Monday, August 02, 2010

Blurring product categories

Just saw this article. What defines something as a portable computer versus a phone, or a tablet? Heck, what qualifies a tablet as a tablet rather than a computer? There are certainly a number that qualify as both.

Endgame of this is, what defines a computer today? A random person on the street would say that the ipad is not a computer, and from a perspective of what I think is generally considered a computer (currently), the ipad is not.
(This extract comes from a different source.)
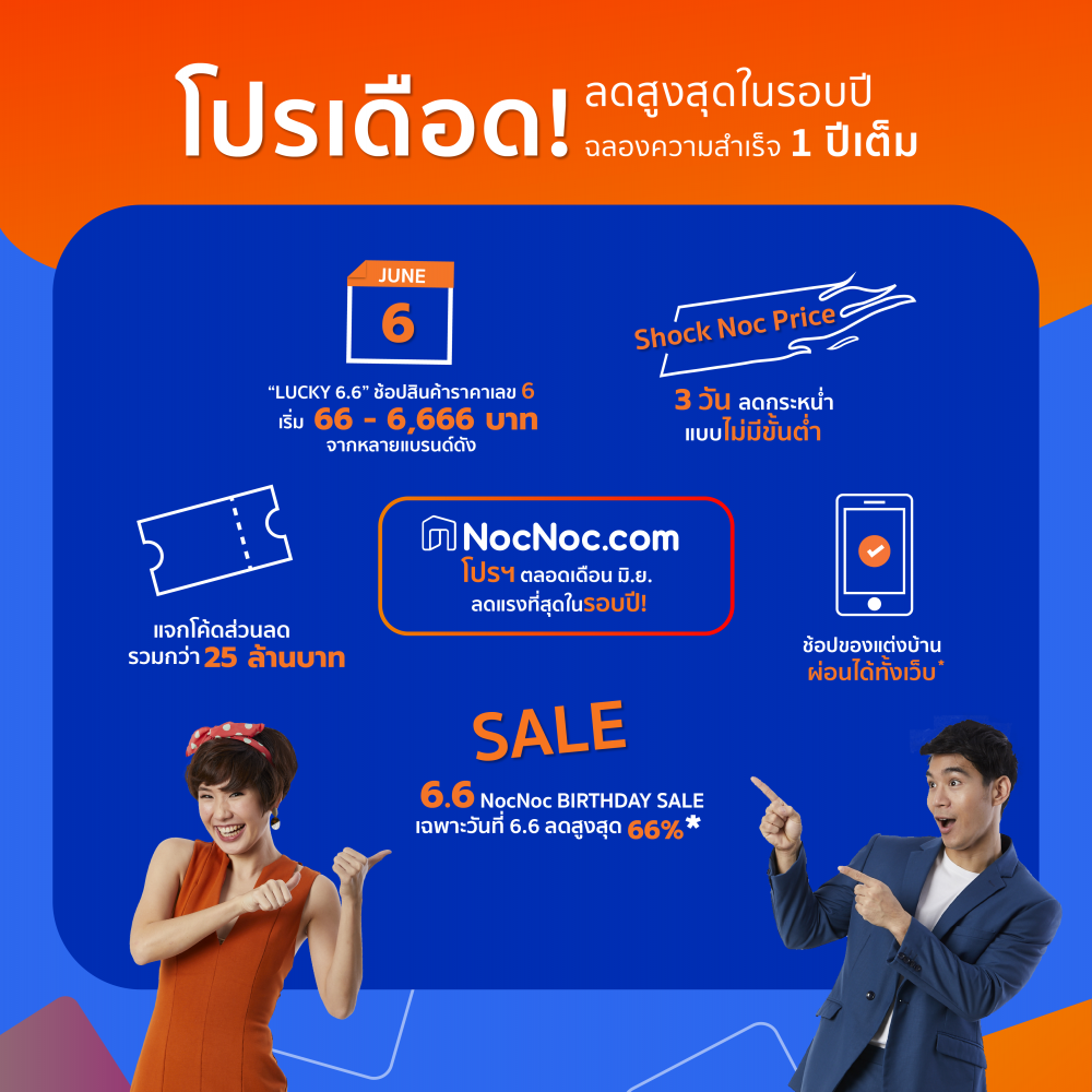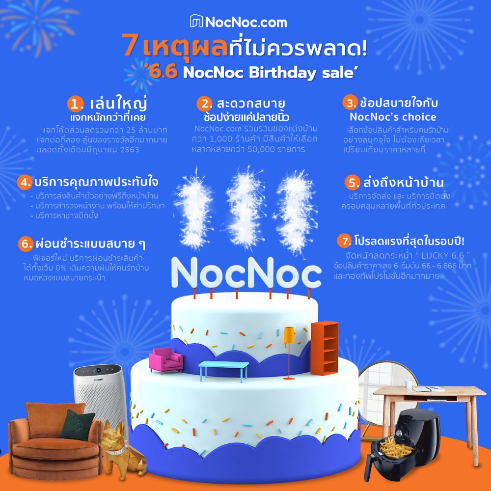 ลดต่อไม่รอแล้วนะ!! กลับมาสร้างความตื่นตาตื่นใจอย่างต่อเนื่อง พร้อมโปรดี ๆ ดีลเด็ดๆ อัดแน่นให้สมกับความสำเร็จ 1 ปีเต็ม กับ NocNoc.com เว็บไซต์ที่รวบรวมสินค้า-บริการด้านวัสดุก่อสร้างและสินค้าตกแต่งบ้านออนไลน์ที่ครบที่สุดรายแรกในไทย เปิดตัวแคมเปญ ‘6.6 NocNoc Birthday sale’

However, the article makes me think; is what we're really reacting to about a computer whether or not it has a mouse and keyboard interface? As one of the commenters in the article noted, mainframe users in the 70's would have scoffed at the notion that a PC was a computer, and likened that comparison to Steve Jobs saying that in a few years desktops/laptops will be like "trucks". They're useful, but most people don't need one.

I think I agree with this argument. The ipad clearly is filling void in the market, if sales are any judge. I can't yet say it's a device that I really need (want is another question...). Talk to me a year (or less!) from now and I may be singing a different tune.

To extend this further, if we're calling (or even considering calling) the ipad a computer, then why not the iphone and other smartphones? You can install software, cruise the internet, do some mild productivity, check the news, and any number of other tasks previously relegated to the computer.

What a computer is has changed, and is still changing. Five years from now I have no idea what kind of form factor I'll be typing a blog post on.
Ten years from now? I probably can't completely conceive what it will look like.
Twenty years from now? I suspect it will be in my head, a coprocessor for the gray matter already there.